### INPUT DATA
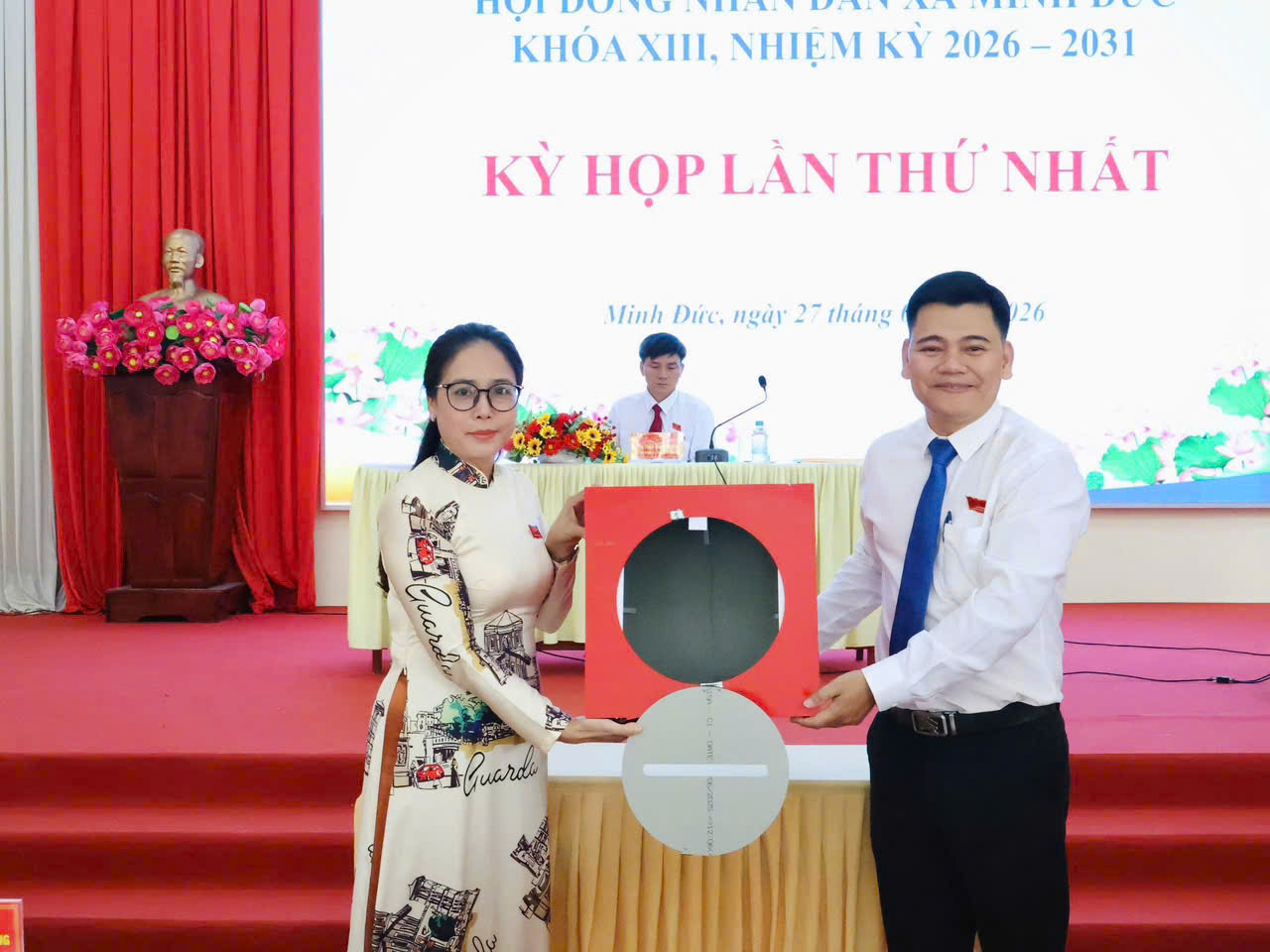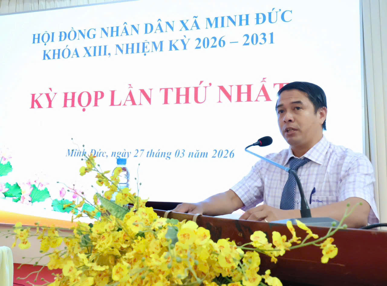 Sáng ngày 27/3/2026, tại Hội trường UBND xã, Hội đồng nhân dân xã Minh Đức đã long trọng tổ chức Kỳ họp thứ nhất, khóa XIII, nhiệm kỳ 2026 – 2031. Tham dự kỳ họp có đồng chí Bùi Xuân Thống – Tỉnh ủy viên, Phó Trưởng đoàn chuyên trách Đoàn Đại biểu Quốc hội tỉnh; đồng chí Nguyễn Ngọc Lương – Phó Trưởng Ban Văn hóa - Xã hội HĐND tỉnh; đại diện lãnh đạo các phòng chuyên môn Văn phòng Đoàn ĐBQH và HĐND tỉnh; đồng chí Trần Văn Phương - Bí thư Đảng ủy xã; đồng chí Lưu Quốc Nhật – Phó Bí thư Thường trực Đảng ủy xã; đồng chí Huỳnh Văn Minh - Phó Bí thư Đảng ủy, Chủ tịch UBND xã; cùng các đồng chí là UV.BTV, UV.BCH Đảng bộ xã, các đồng chí lãnh đạo đại diện các phòng, ban; các đại biểu HĐND xã các ông, bà trưởng các ấp, sóc trên địa bàn xã.
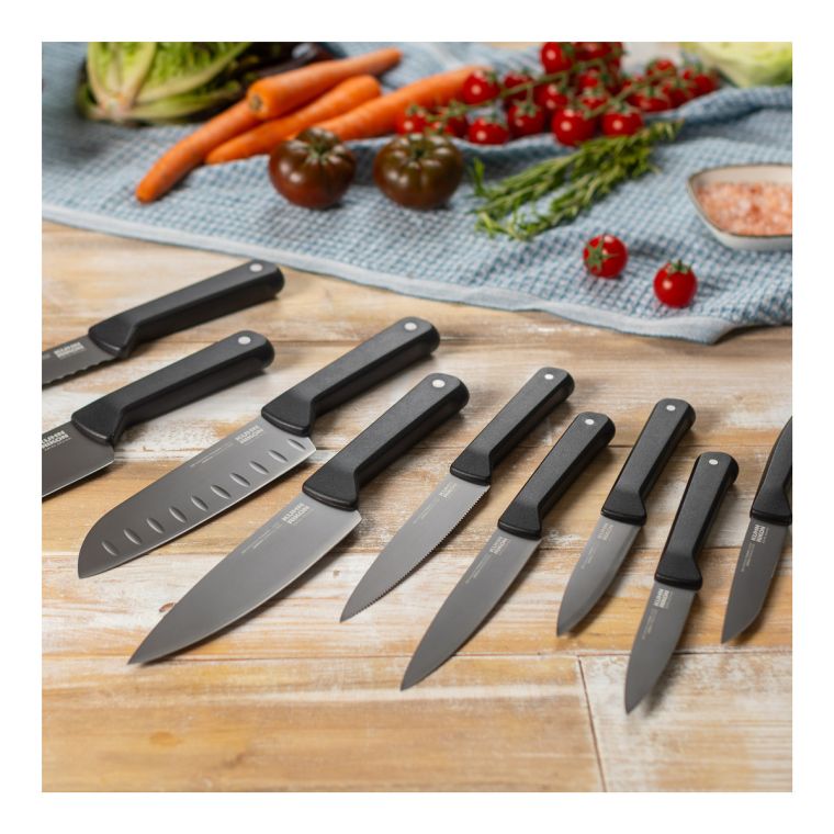 - Warnung: Nicht für Kinder geeignet – Klinge ist sehr scharf. Aufbewahrung im Messerblock empfohlen. Unsachgemässe Verwendung kann zu Verletzungen führen.
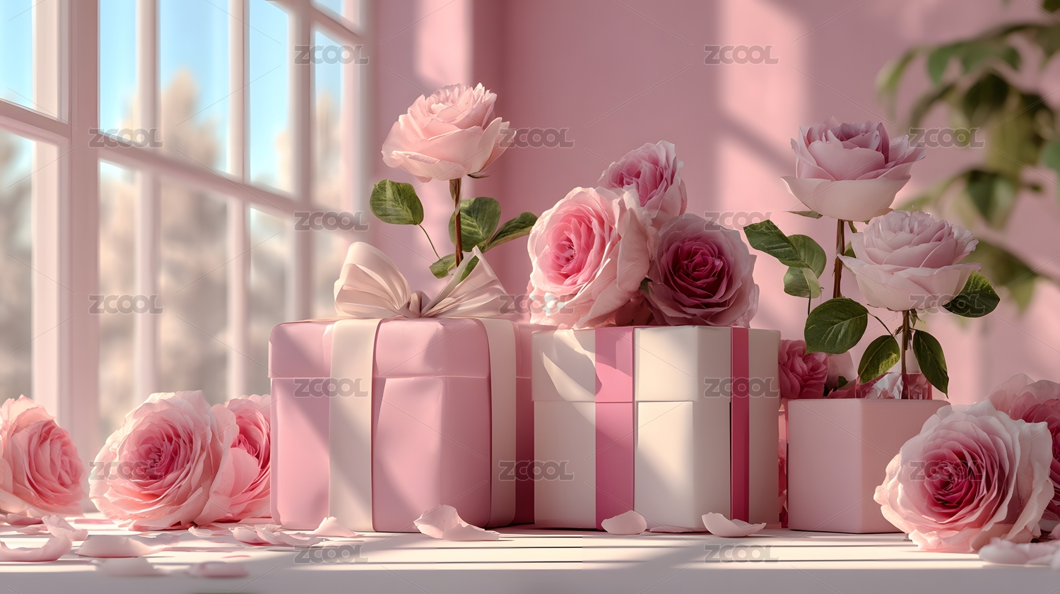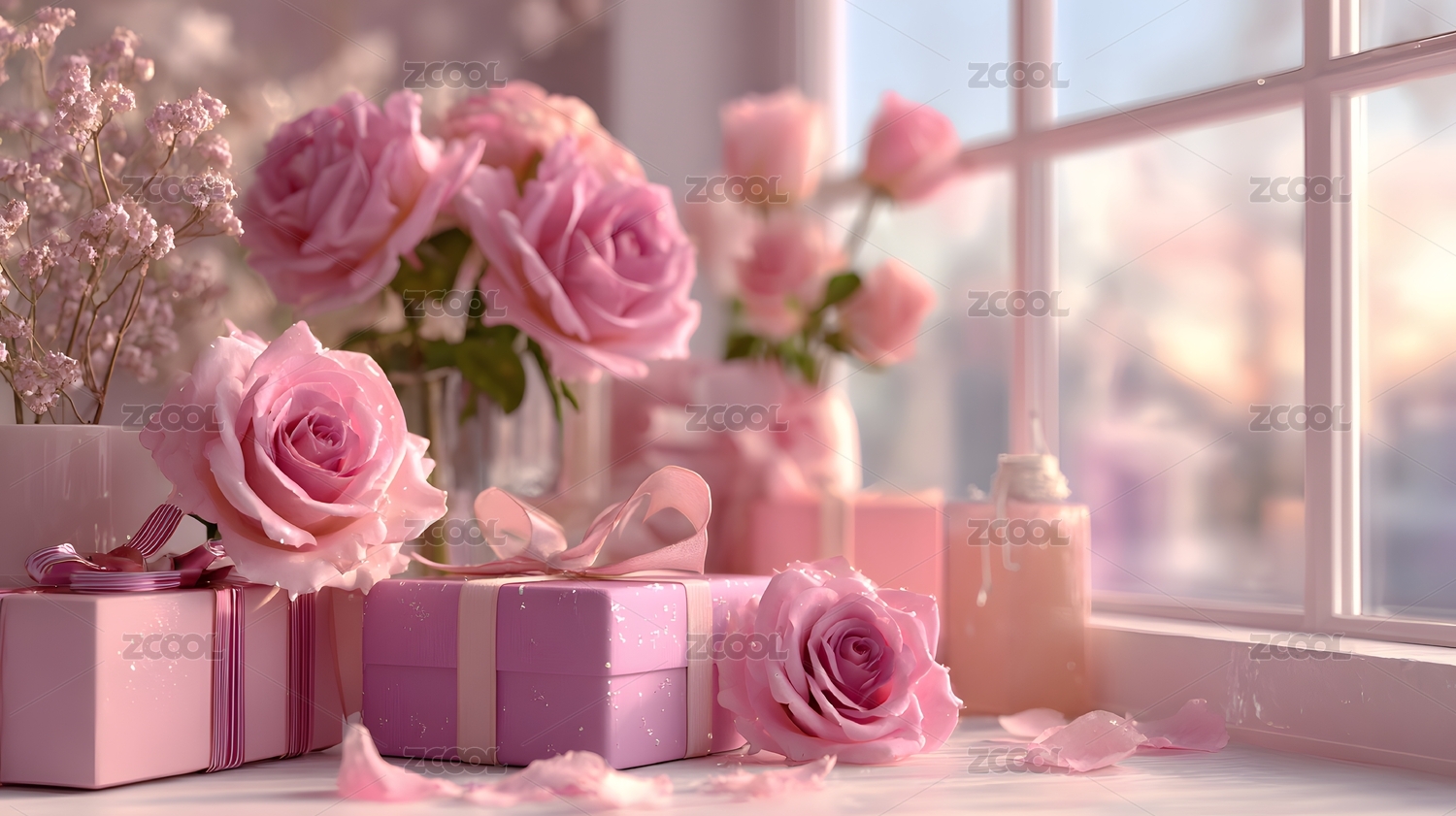 粉色礼物与玫瑰花 浪漫温馨窗边场景
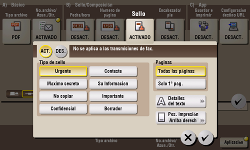 El texto como, por ejemplo, "Conteste" y "No copiar" se imprime en la primera página o en todas las páginas. Es posible seleccionar el texto que debe imprimirse de entre los sellos fijos registrados y los sellos registrados arbitrarios.
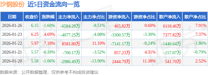 证券之星消息,截至2026年1月26日收盘,沙钢股份(002075)报收于6.15元,下跌1.6%,换手率5.64%,成交量123.67万手,成交额7.74亿元。
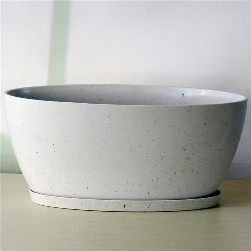 Овальный однотонный пластиковый цветочный горшок, контейнер для растений с лотком, офисный домашний декор
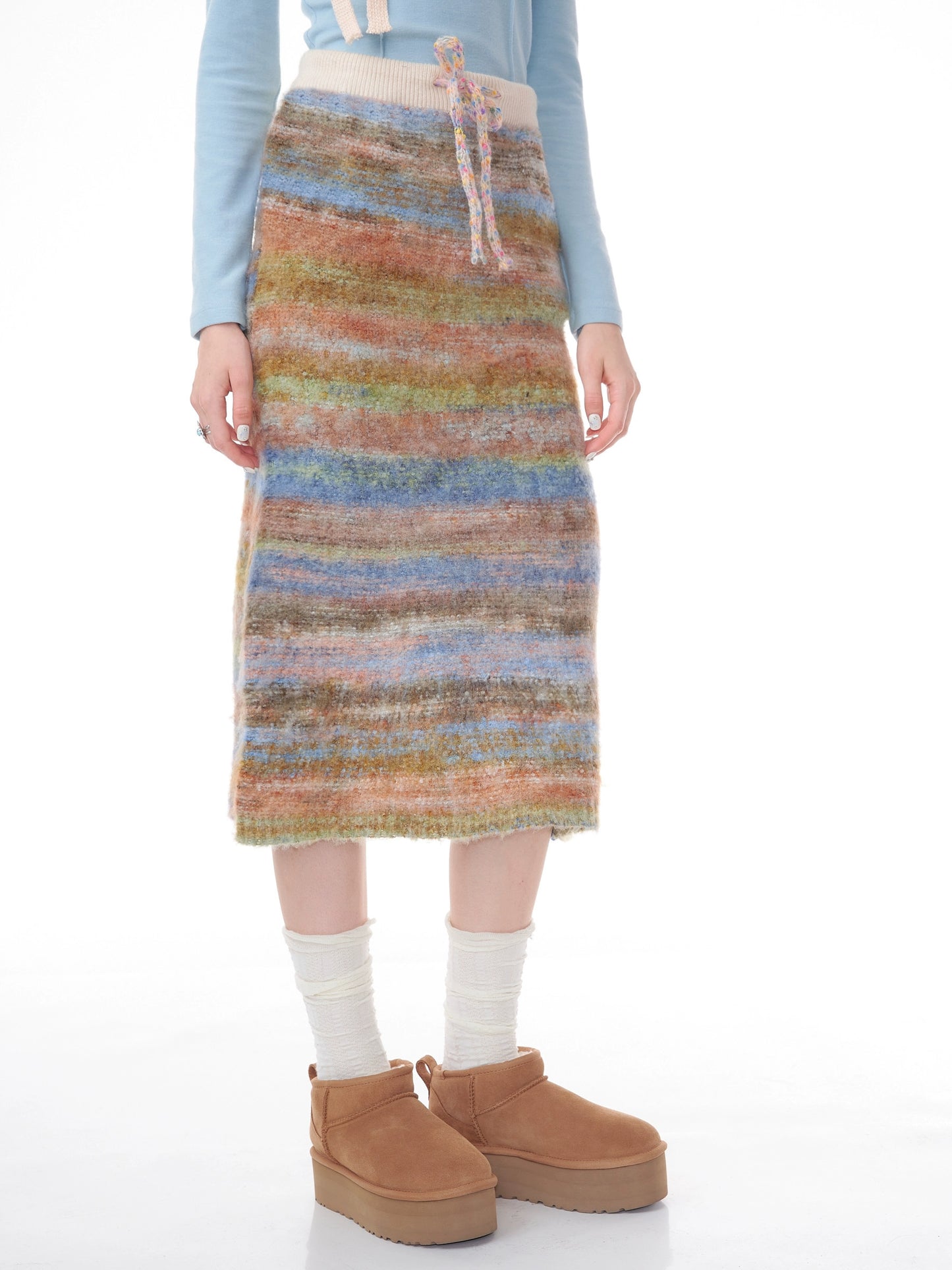Retro Striped Knitted Half Fishtail Skirt | Slim Fit High Waist Design for Autumn/Winter
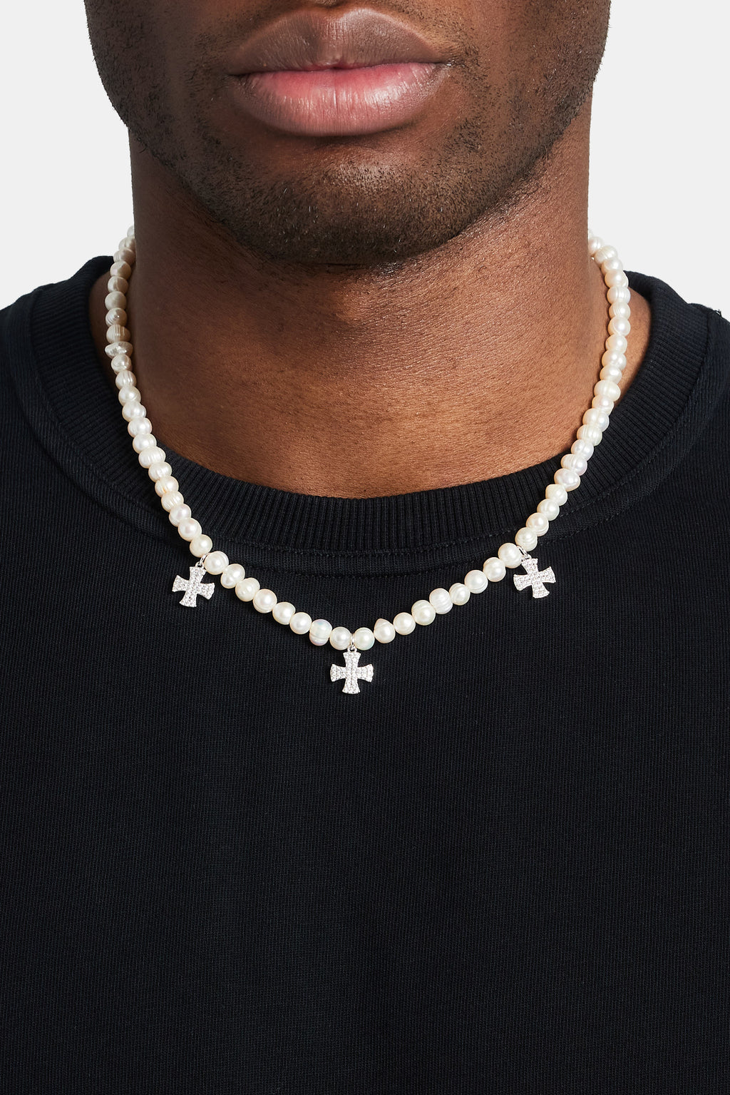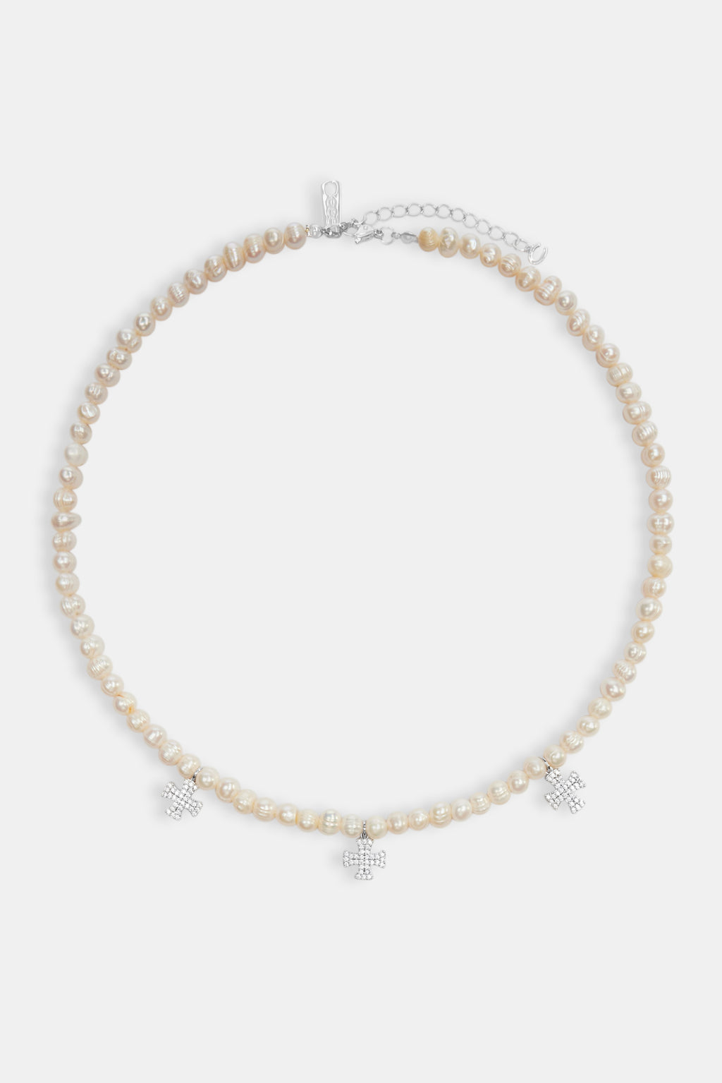 Freshwater Pearl Cross Drop Necklace - White

### WORK INSTRUCTION
Excluding the pictures, restate word for word the lines from the one that holds "证券之星消息,截至2026年" through the last line of the entries, both ends included.

### RESULT OF THE EXERCISE
 证券之星消息,截至2026年1月26日收盘,沙钢股份(002075)报收于6.15元,下跌1.6%,换手率5.64%,成交量123.67万手,成交额7.74亿元。
 Овальный однотонный пластиковый цветочный горшок, контейнер для растений с лотком, офисный домашний декор
Retro Striped Knitted Half Fishtail Skirt | Slim Fit High Waist Design for Autumn/Winter
 Freshwater Pearl Cross Drop Necklace - White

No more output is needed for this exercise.